**Supplied information:**
━━━

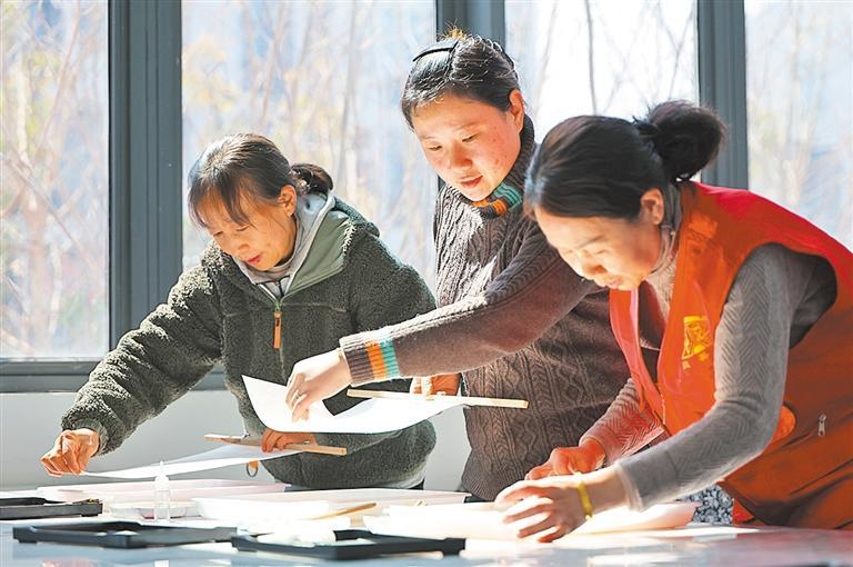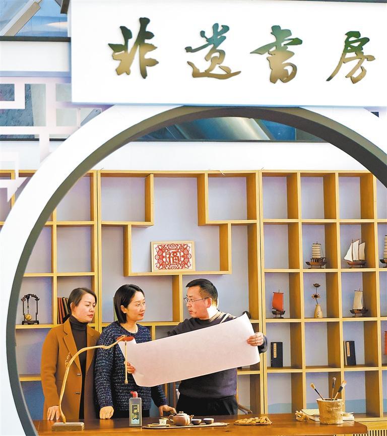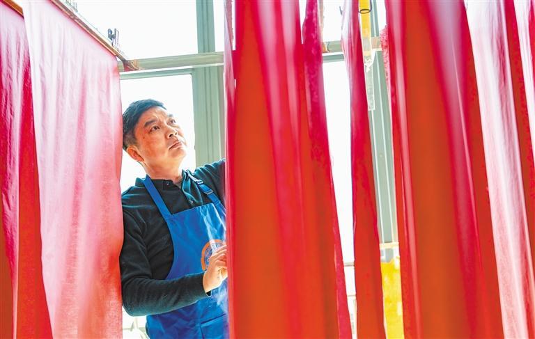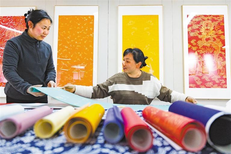 走进位于安徽省巢湖市黄麓镇的掇英轩艺术馆,一卷卷色泽明艳、表面如缎、金粉熠熠的纸笺映入眼帘。这些经过特殊设计与加工的纸张,不仅承载着深厚的文化内涵,更体现着工匠的高超技艺和非凡匠心。艺术馆创办人、纸笺加工技艺国家级非物质文化遗产代表性传承人刘靖介绍,纸笺制作工序非常繁琐,包括拖染、涂刷、托裱、洒溅、描绘等几十种手工技艺。纸笺品种繁多,不同的纸笺需采用不同的加工技艺,通过多种技艺的相互交叉融合,又可以衍生出新的纸笺产品。
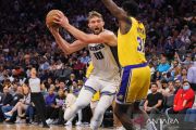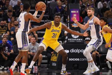 Pebasket Sacramento Kings Domantas Sabonis (kiri) berupaya melepaskan diri dari penjagaan pebasket Los Angeles Lakers Thomas Bryant (kanan) dalam laga Pramusim NBA, di Golden 1 Center; Sacramento, California, Amerika Serikat, Jumat (14/10/2022). Sacramento Kings berhasil mengalahkan Los Angeles Lakers 133 -86. ANTARA FOTO/Reuters- Kelley L Cox-USA TODAY Sports/hp.
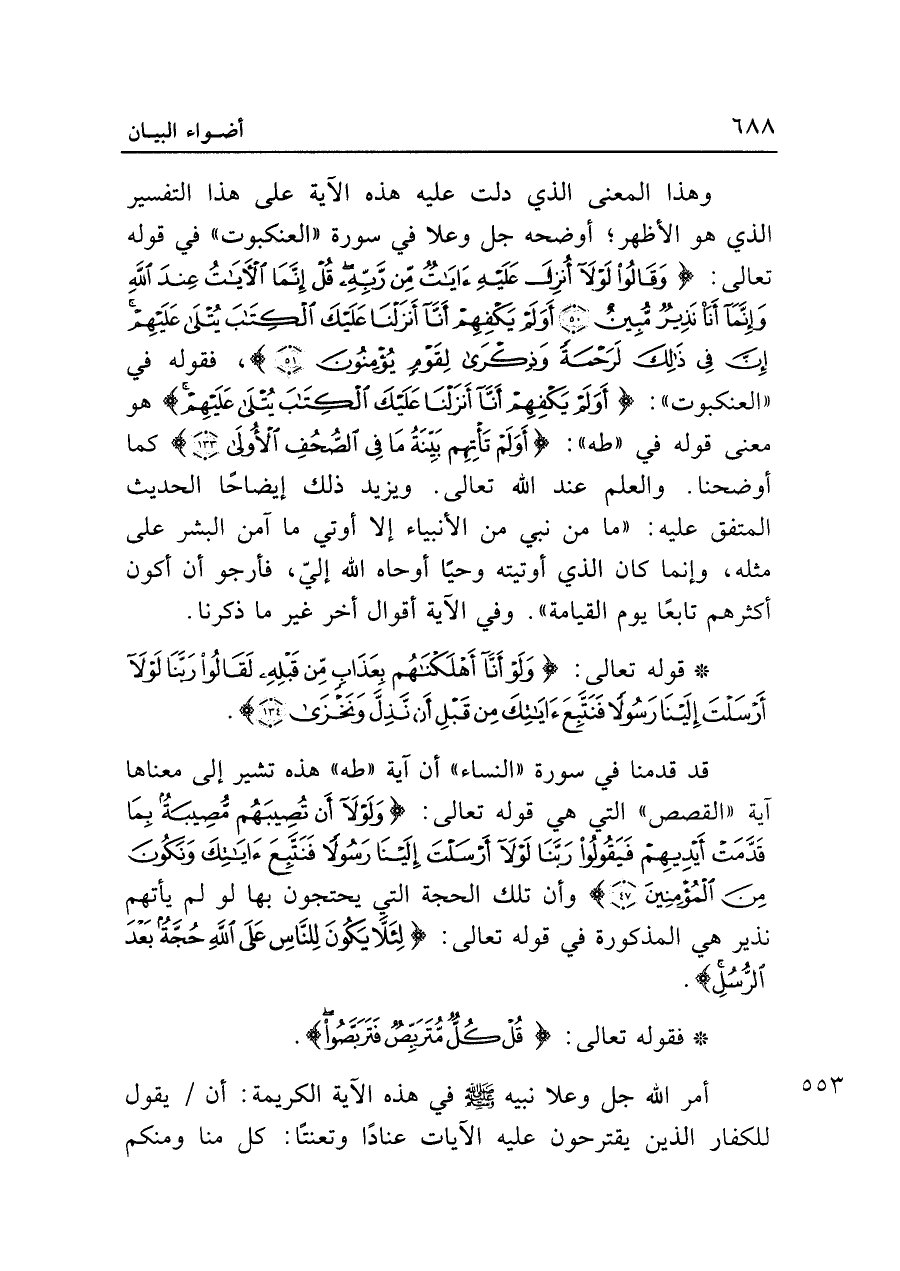 وهذا المعنى الذي دلت عليه هذه الآية على هذا التفسير الذي هو الأظهر؛ أوضحه جل وعلا في سورة "العنكبوت" في قوله تعالى: {وَقَالُوا لَوْلَا أُنْزِلَ عَلَيهِ آيَاتٌ مِنْ رَبِّهِ قُلْ إِنَّمَا الْآيَاتُ عِنْدَ اللَّهِ وَإِنَّمَا أَنَا نَذِيرٌ مُبِينٌ (٥٠) أَوَلَمْ يَكْفِهِمْ أَنَّا أَنْزَلْنَا عَلَيكَ الْكِتَابَ يُتْلَى عَلَيهِمْ إِنَّ فِي ذَلِكَ لَرَحْمَةً وَذِكْرَى لِقَوْمٍ يُؤْمِنُونَ (٥١)}، فقوله في "العنكبوت": {أَوَلَمْ يَكْفِهِمْ أَنَّا أَنْزَلْنَا عَلَيكَ الْكِتَابَ يُتْلَى عَلَيهِمْ} هو معنى قوله في "طه": {أَوَلَمْ تَأْتِهِمْ بَيِّنَةُ مَا فِي الصُّحُفِ الْأُولَى (١٣٣)} كما أوضحنا. والعلم عند الله تعالى. ويزيد ذلك إيضاحًا الحديث المتفق عليه: "ما من نبي من الأنبياء إلا أوتي ما آمن البشر على مثله، وإنما كان الذي أوتيته وحيًا أوحاه الله إليّ، فأرجو أن أكون أكثرهم تابعًا يوم القيامة". وفي الآية أقوال أخر غير ما ذكرنا.
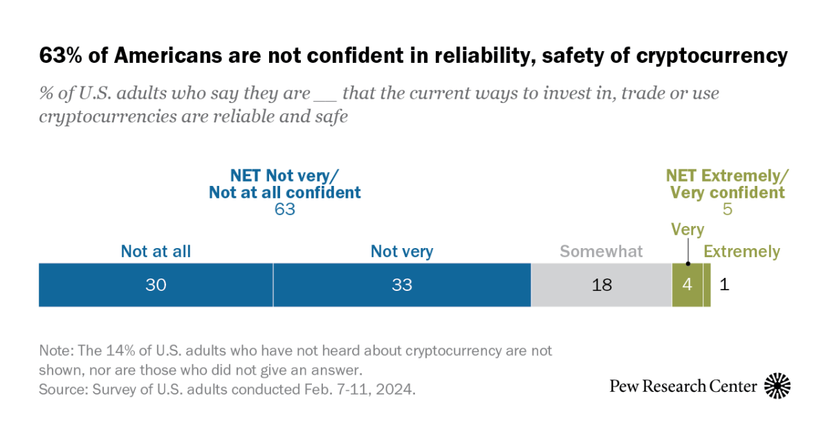 On cryptocurrency, 63% of US adults not confident it’s safe, reliable

━━━

Word for word, restate the lines above from the first through the one that contains "Pebasket Sacramento Kings", and exclude all pictures.

**Task result:**
 走进位于安徽省巢湖市黄麓镇的掇英轩艺术馆,一卷卷色泽明艳、表面如缎、金粉熠熠的纸笺映入眼帘。这些经过特殊设计与加工的纸张,不仅承载着深厚的文化内涵,更体现着工匠的高超技艺和非凡匠心。艺术馆创办人、纸笺加工技艺国家级非物质文化遗产代表性传承人刘靖介绍,纸笺制作工序非常繁琐,包括拖染、涂刷、托裱、洒溅、描绘等几十种手工技艺。纸笺品种繁多,不同的纸笺需采用不同的加工技艺,通过多种技艺的相互交叉融合,又可以衍生出新的纸笺产品。
 Pebasket Sacramento Kings Domantas Sabonis (kiri) berupaya melepaskan diri dari penjagaan pebasket Los Angeles Lakers Thomas Bryant (kanan) dalam laga Pramusim NBA, di Golden 1 Center; Sacramento, California, Amerika Serikat, Jumat (14/10/2022). Sacramento Kings berhasil mengalahkan Los Angeles Lakers 133 -86. ANTARA FOTO/Reuters- Kelley L Cox-USA TODAY Sports/hp.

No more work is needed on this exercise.